The cost of erosion is hitting Dunedinites in the pocket. In the past four years, $226,000 has been spent on physical works including repairs and refilling sand sausages.
Of that, $80,000 has been spent stockpiling more than 16,000 cubic metres of sand for storm responses. A further $169,000 has been spent on sea wall maintenance and replacements.
The cost could be even more - a 2019 report on the sea wall estimated nearly a $250,000 fix for "high priority repairs".
"In the long term, it's not a sustainable option but it is currently the only option we have," Dunedin Mayor Aaron Hawkins says.
A draft plan is out for public consultation with options on how to best protect the coast including a new seawall or offshore structures to disrupt waves.
"It essentially dissipates wave energy or trips a wave over and allows what we call a salient or accumulative of sand to form," Simons-Smith says.
An important defence with rising sea levels and more coastal storms.
One road had a roundabout and carpark at the end of it until erosion started eating away at the road around 10 years ago. Now it's completely gone.

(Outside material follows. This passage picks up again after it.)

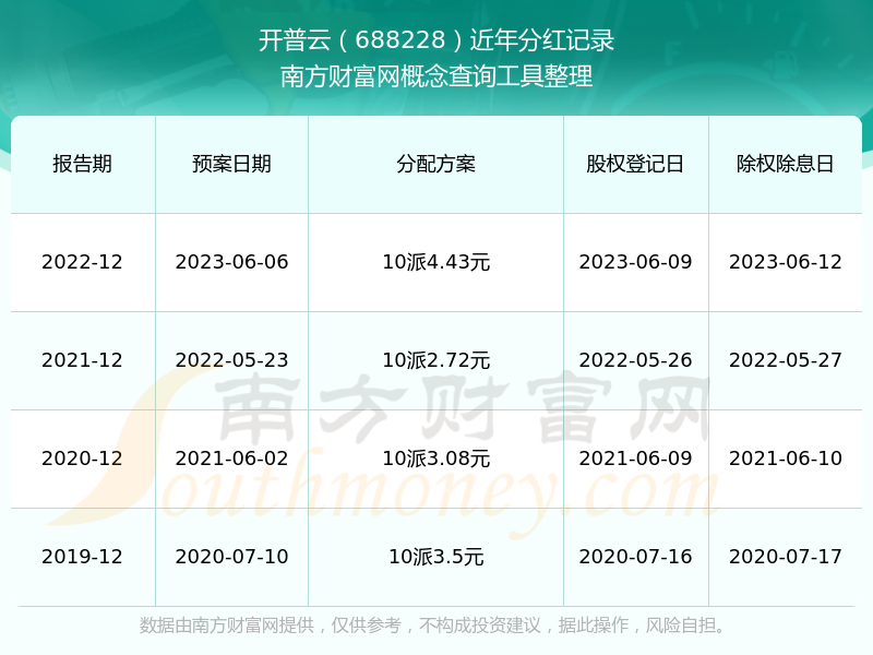 开普云最新一次公布的分红方案为10派4.43元。本次权益分派股权登记日为2023年6月9日,除权除息日为2023年6月12日,派息日为2023年6月12日。

Right next door is the most urgent concern for the council - a legacy landfill with an unknown amount of rubbish buried under Kettle Park.
"In the dune system seaward of that landfill we've also got some asbestos-containing material," Simons-Smith warns.
Down the beach sand levels have dropped significantly and locals are concerned at the sea wall's design and risk to water users.
"It's called sand migration, it's taking it away the sand the wrong way so now at mid-tide, high tide there's no sand," St Clair Action Group co-chair Richard Egan says.
"When I was a kid I used to be able to jump off the wall onto the sand - it was probably only four to six feet high, there was that much sand on the beach," co-chair Johnny De Graaf adds.
Public consultation closes this month to help protect the pristine Otago coastline.